→ Data segment:
◆ ◆ ◆ ◆

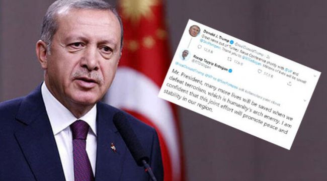 Cumhurbaşkanı Recep Tayyip Erdoğan ABD Başkanı Donald Trump'a Twitter üzerinden "Terörü yendiğimizde daha fazla hayat kurtulacak" ifadeleriyle cevap verdi. Trump, Erdoğan ve ABD Başkan Yardımcısı Mike Pence görüşmesinin ardından, "Türkiye'den harika haberler var. Teşekkürler Cumhurbaşkanı Erdoğan. Milyonlarca hayat kurtulacak" diye yazmıştı..
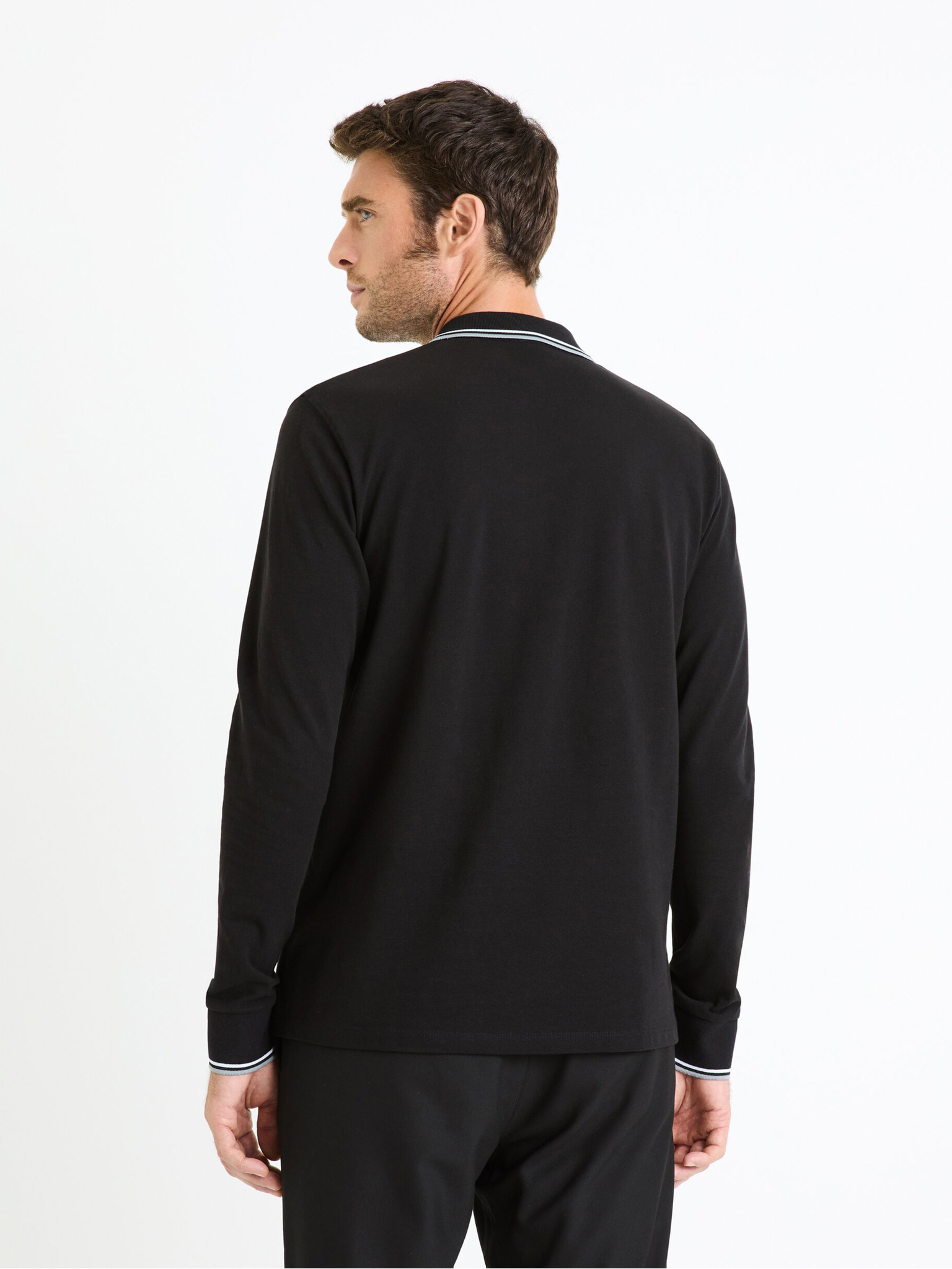 Férfi pólóing nyitott gallérral, gomblyuk nélkül - fekete
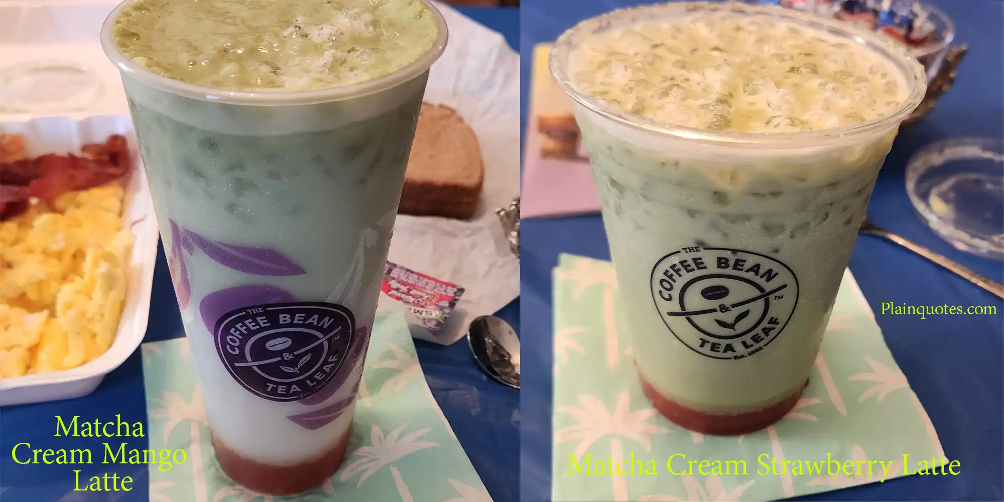 Two summer drinks with 3 layers of colors are available at the Coffee Bean and Tea Leaf. The first one is the Matcha Cream Strawberry Latte, and the second one is the Matcha Cream Mango Latte. Both come with milk in the middle and Japanese Matcha on the top. Available in 2 sizes which almost feels like it’s magic with the 3 layers of colors taking effect. I tried both sizes and I highly suggest the larger size. For some reason, the regular size which is the smaller one kind of gets everything mixed together quickly. The larger one stays more in place and so cool with the colors.

◆ ◆ ◆ ◆

→ Problem to solve:
Here the job is to output the lines from the top of the listing through the line holding "Férfi pólóing nyitott", word for word and without pictures.

→ Problem solution:
 Cumhurbaşkanı Recep Tayyip Erdoğan ABD Başkanı Donald Trump'a Twitter üzerinden "Terörü yendiğimizde daha fazla hayat kurtulacak" ifadeleriyle cevap verdi. Trump, Erdoğan ve ABD Başkan Yardımcısı Mike Pence görüşmesinin ardından, "Türkiye'den harika haberler var. Teşekkürler Cumhurbaşkanı Erdoğan. Milyonlarca hayat kurtulacak" diye yazmıştı..
 Férfi pólóing nyitott gallérral, gomblyuk nélkül - fekete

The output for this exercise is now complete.